Reggie grinned. “Damn, I knew you should have had this job.”

From somewhere on Reggie's side, Donovan shouted. “Nonsense! We must attack the establishment at once!”

Reggie chuckled to himself as Donovan stood in front of him. The command center got a great view of his torso and his arms on his hips, his head well out of frame.

“Donovan, this is supposed to be between guardians only,” Frank said, not amused.

“Yeah! Get out of here!” Mindy shouted.

Donovan levitated and floated off camera. Reggie made sure he was well out of view, then sat back down. “Sorry about that. Anyway, yeah, a strike sounds a lot better!”

Frank shook his head. “That might work in the short term, but it won't stop them permanently.
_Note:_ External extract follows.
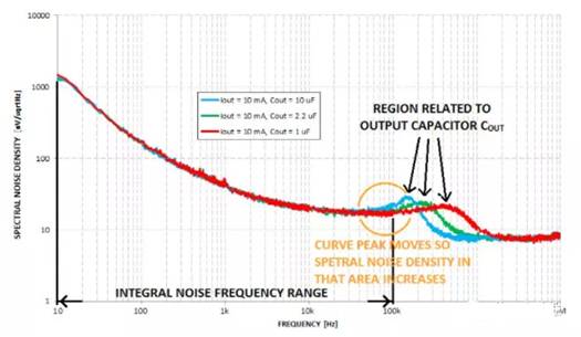 LDO輸出端的噪聲也與負載有關。負載消耗電流Iout,該電流值等于電阻 RLOAD。與負載相關的是多個RLOAD和輸出電容COUT。較高的RLOAD值或較高的 COUT值意味著與負載相關的曲線部分向較低頻率移動。在上面的圖片中,您可以看到與IOUT有關;在下面的圖片中,您可看到與COUT有關。

That's the ultimate goal.”

While he was no longer seen, Donovan was still heard. “That's but a diversion! While the masses draw the attention, we attack!”

“God, Reggie, don't you know a silencing spell?” Meg moaned. “Just-”

Then Morgan interrupted, “Wait, I like that idea.”

Even though it was the room's biggest idiot that made the suggestion and the room's biggest lunkhead endorsing it, everybody paused to consider it.

Except Frank, who didn't care for the sudden silence. “Meg, please you get your unit under control?”

“Hold on, he's right,” Meg said. “Donovan's on to something. There's no way we can take the city by marching a bunch of villagers against the Hageshoni guards. But if there's a big protest drawing their police force's attention, we might be able to storm city hall ourselves.”

“Funny how taking city hall just automatically legitimizes any government coup,” Reggie said.

“Place is built like a fortress,” Frank said. “If we can sneak in there, clean house and set up some ATBs, it goes a long way toward running the city.”

“If the place is built like a fortress, how do we get in?” Molly asked.

“Built like a fortress is different than serving as one. We can walk in through the front door like we're on normal business, then fight off the guards and depose the general from there.”

Molly frowned. “Please say the final attack plan will be a little more nuanced than that.”

“Of course, of course. But once that succeeds, it locks down well enough to stave off the Hageshoni counter-attack. They'll surely throw their full might into that, so let's hope the earlier battles weakened them a bit.”

“But what about the protesters? What happens to them if we're holed up inside and they're out there with the whole Hageshoni army?”

That argument silenced Frank. If a protest draws out the police force and allowed this crack team of magi to take over city hall, the police force would likely have no patience with the protesters in the aftermath.

Finally, Frank shrugged. “That part we'll just have to play by ear.”